▶ Task brief:
Reproduce from the records below, with no pictures, exactly the lines between the one containing "OTERO COUNTY COURT HOUSE – 1958" and the one containing "Crocus Gatherer, from", inclusive.

(Records excerpted from a collection)
>>>

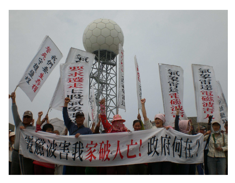
Fig.10 Chi Gu Yen-Cheng Village's Anti Doppler Weather Radar Electromagnetic Radiation Petition

Upon activation of the radar, the villages weren't aware of anything out of the ordinary, but after 2 or 3 years, those who lived or worked within close proximity of the radar suffered from diseases such as but not limited to sudden palpitations, cardiac arrests, heart diseases, liver cancer, pharynx and larynx cancer, intestines cancer, lymphatic cancer, uric acid tumors, brain tumors, bladder cancer, breast cancer and
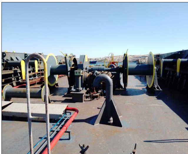
1. View of winch Between H8 & H9.
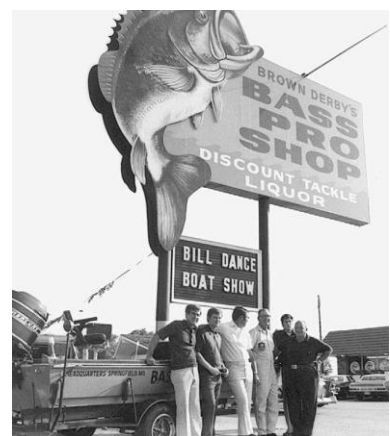
Legendary pro anglers Bill Dance, Johnny Morris and team at the original Bass Pro Shops store grand opening.
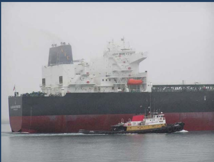
A tug escorts the Alaska Tanker Company's oil tanker Alaska Frontier through fog in Prince William Sound.
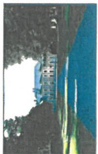
Le Château du Broustel
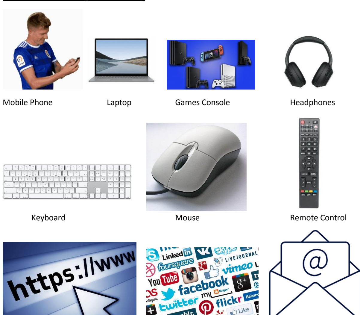
<u>Exercise 2 – After looking at the vocabulary in exercise 1, I recommend these websites</u> <a href="https://learnenglishkids.britishcouncil.org/word-games/technology">https://learnenglishkids.britishcouncil.org/word-games/technology</a> - A vocabulary exercise <a href="https://learnenglishkids.britishcouncil.org/es/video-zone/minecraft-taught-school">https://learnenglishkids.britishcouncil.org/es/video-zone/minecraft-taught-school</a> - A listening activity about Minecraft
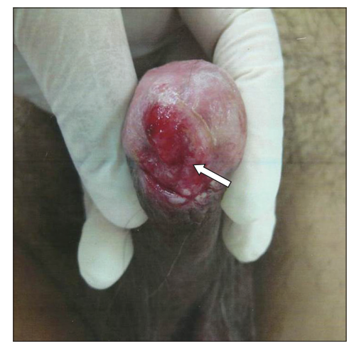
Fig. 1 Patient 1: Photograph shows effaced urethral meatus (arrow) that caused lower urinary tract symptoms.

The average duration of the presenting complaint was 4.4 (range 0.5–12.0) months. The presenting complaints included bloody discharge from the penis (Fig. 1), penile swelling, penile redness, obstructive lower urinary tract symptoms and inguinal lumps. The tumour was located at the glans penis in five of the patients and the prepuce in one patient. Patient 6 presented with symptomatic anaemia and was found to have an effaced penis on physical examination (Fig. 2). All of the patients underwent
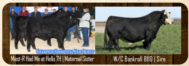
Mast-R Had Me at Hello 7H | Maternal Sister
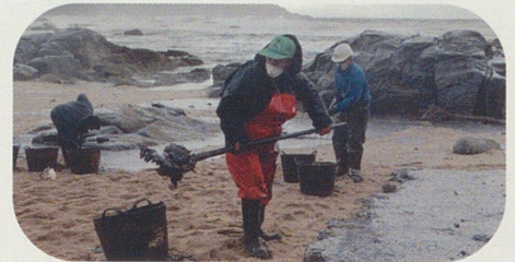
Bahamian oil tanker "Prestige," carrying 20 million gallons of oil, sinks off the coast of Spain. Nearly 2.6 million gallons of oil polluted the coast.
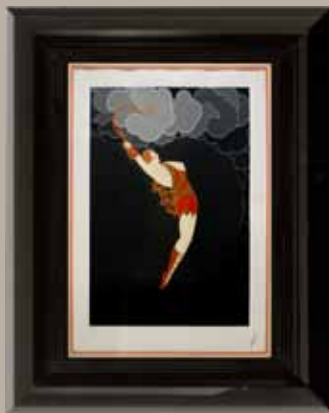
Erté, The Dancer, Limited edition serigraph on paper 1st Floor West Corridor
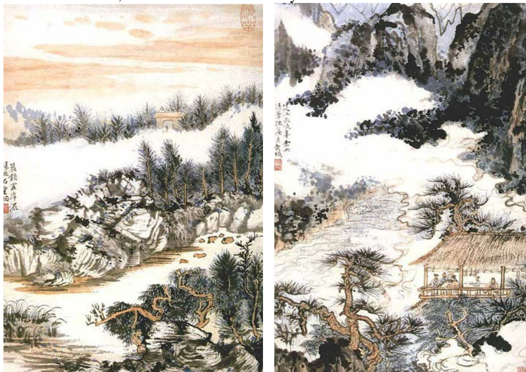
Figure 6 Pieces from Album of One Hundred Poetic Settings from Du Fu’s Lines .

addition, subtraction, and interpolation.” In Album of One Hundred Poetic Settings from Du Fu’s Lines , Lu Yanshao blended of the North and South Style without a trace, interspersed with the use of various wrinkle methods, and established his own style.
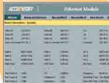
Real Time Metering
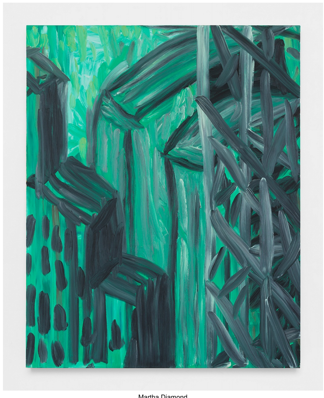
Martha Diamond Green Cityscape, 1985 Oil on linen 90h x 72w in MDi_101
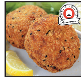
SPICY TUNA CAKES
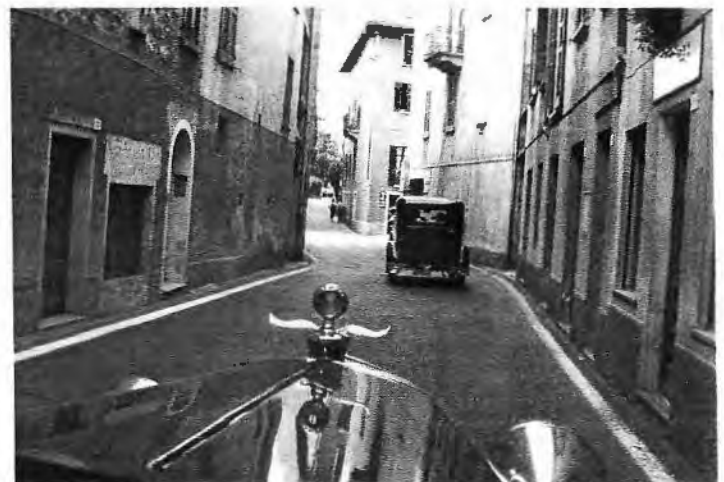
Most consistent scenery was the back of another Model A ...unless you're lost!
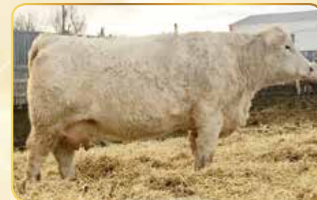
DAM OF EMBRYOS: SOS PRINCESS KATE 33Y
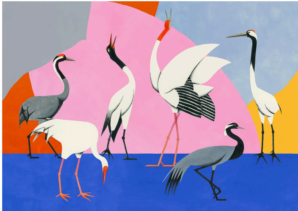
Roberts Rurans _Cranes_ (2020)

Beyond observation, Baltic Island serves as a platform for creative exchange. The two-week agenda includes industry panels, networking sessions, and hands-on workshops designed to connect Baltic creators with Japanese studios and publishers. The programming also features a charity art auction dedicated to supporting Ukrainian refugees in Japan—a clear demonstration of art functioning as actionable soft power.
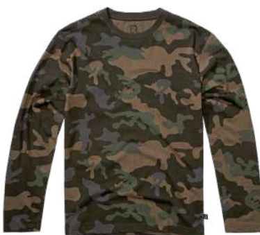
12004 · darkcamo
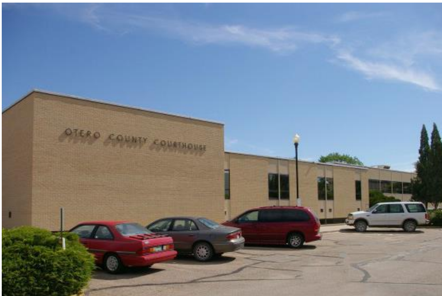
OTERO COUNTY COURT HOUSE – 1958
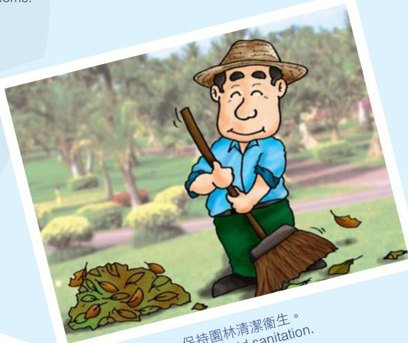
保持園林清潔衛生。 Good field sanitation.
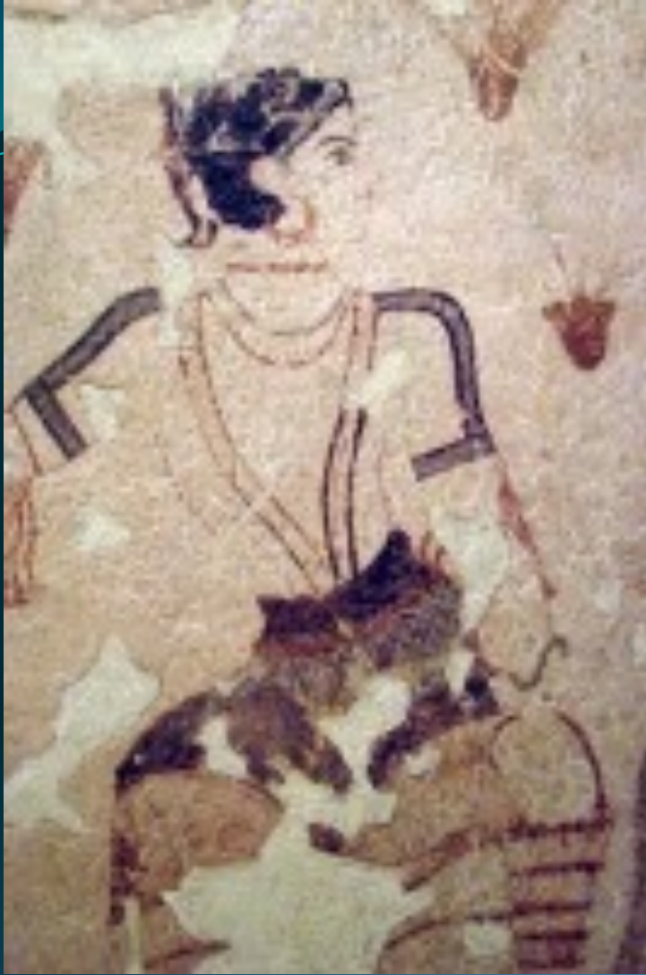
Crocus Gatherer, from Thera, Pre 1500 BCE Theran
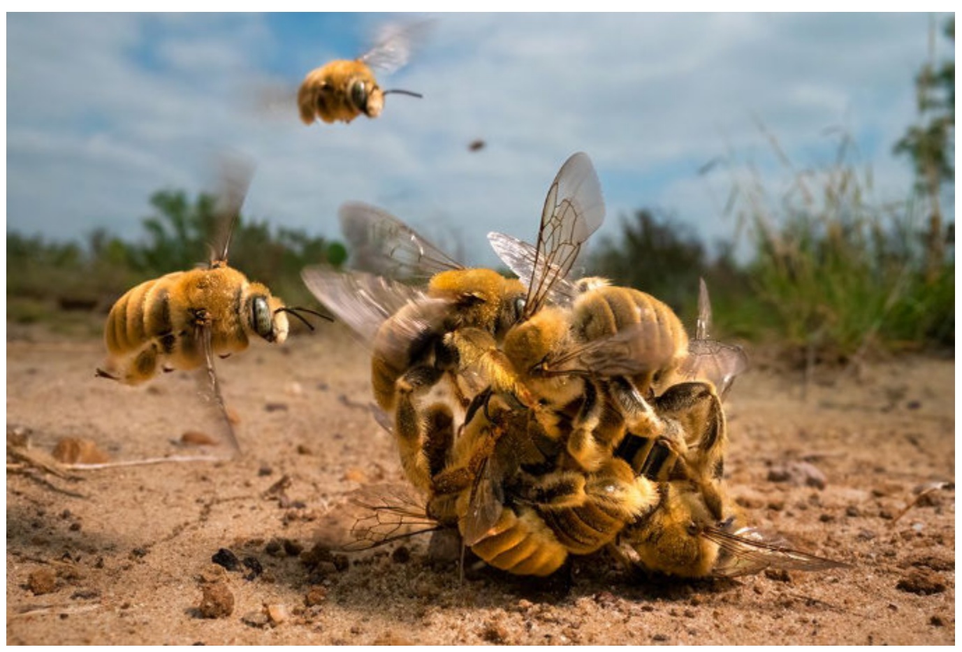
From BBC News: "Frenzied bee ball" wins top prize in the Wildlife Photographer of the Year competition. It's a manic moment as male cactus bees envelop a single female. But who in this amorous scrum will emerge lucky and get to mate with her? This remarkable picture, captured by Karine Aigner, is the grand title winner in this year's Wildlife Photographer of the Year competition.

On one level it's quite a technical image. It required the use of a macro probe lens to get in close to the very heart of the action.

<<<

▶ Exercise answer:
OTERO COUNTY COURT HOUSE – 1958
保持園林清潔衛生。 Good field sanitation.
Crocus Gatherer, from Thera, Pre 1500 BCE Theran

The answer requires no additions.